The government department had contacted a number of EU nationals applying for settled status to resubmit their information. However, a failure to use the ‘blind CC’ option on the email revealed the details of other applicants.
Following the “administrative error” the Home Office apologised to those affected and even requested that recipients delete the email in question.
“The deletion of the email you received from us on 7 April would be greatly appreciated,” the Home Office wrote in a message of apology.
A spokesperson for the department commented at the time: “In communicating with a small group of applicants, an administrative error was made which meant other applicants’ email addresses could be seen.
“As soon as the error was identified, we apologised personally to the 240 applicants affected and have improved our systems and procedures to stop this occurring again.”
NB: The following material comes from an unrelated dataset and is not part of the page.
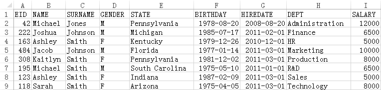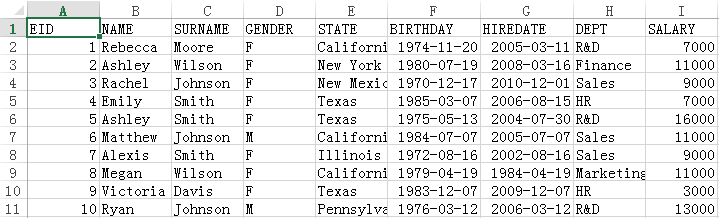 有 Excel 文件“emp.xlsx”,是雇员表,部分数据如下所示: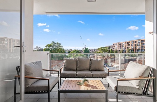 Step into this elegant and spacious apartment, where comfort meets contemporary style. The open-plan living and dining area features wooden floors, ample seating, and natural light, flowing out to a private balcony complete with a full set of outdoor furniture- perfect for morning coffees or evening unwinds. Both bedrooms are thoughtfully designed with a king & double bed, blackout blinds, bedside tables and lamps, ensuring a peaceful rest. One bedroom offers direct access to an ensuite bathroom for added privacy. The modern kitchen is fully equipped with a gas stove, oven, dishwasher, and Smeg appliances, making meal prep a breeze. The private laundry room is fitted with a washer, dryer, ironing board, and cleaning tools for your convenience. In the living area, a three-seater couch invites you to relax while enjoying the smart TV.. With thoughtful touches and all essentials provided, this retreat in the heart of Five Dock is ready to host your next Sydney stay.

The Home Office said it had improved its procedures for dealing with citizens’ personal information after the blunder.
Find out more here.
Windrush Data Breach
Another blunder in April saw the Home Office expose the personal details of Windrush compensation scheme applicants.
Another “administrative error” by the department allowed applicants to the Windrush compensation scheme see other people’s email addresses. Five batches of emails were involved in this particular incident, with each containing around 100 recipients.
Immigration Minister Caroline Nokes “unreservedly” apologised at the time and acknowledged that an “administrative error” had been the cause of the blunder.
In April of this year, car manufacturer Toyota announced a significant data breach which saw as many as 3.1 million customers and employees affected. The attack was launched on dealerships in Japan and followed a previous cyberattack on Toyota Australia in February.
At the time, reports suggested that up to eight of the company’s subsidiaries and dealerships were targeted in the attack, with hackers gaining access to the firm’s internal computer systems. Employment details, dates of birth and names were all believed to have been exposed in the breach.
In a statement, Toyota said: “Information that may have been leaked this time does not include information on credit cards”.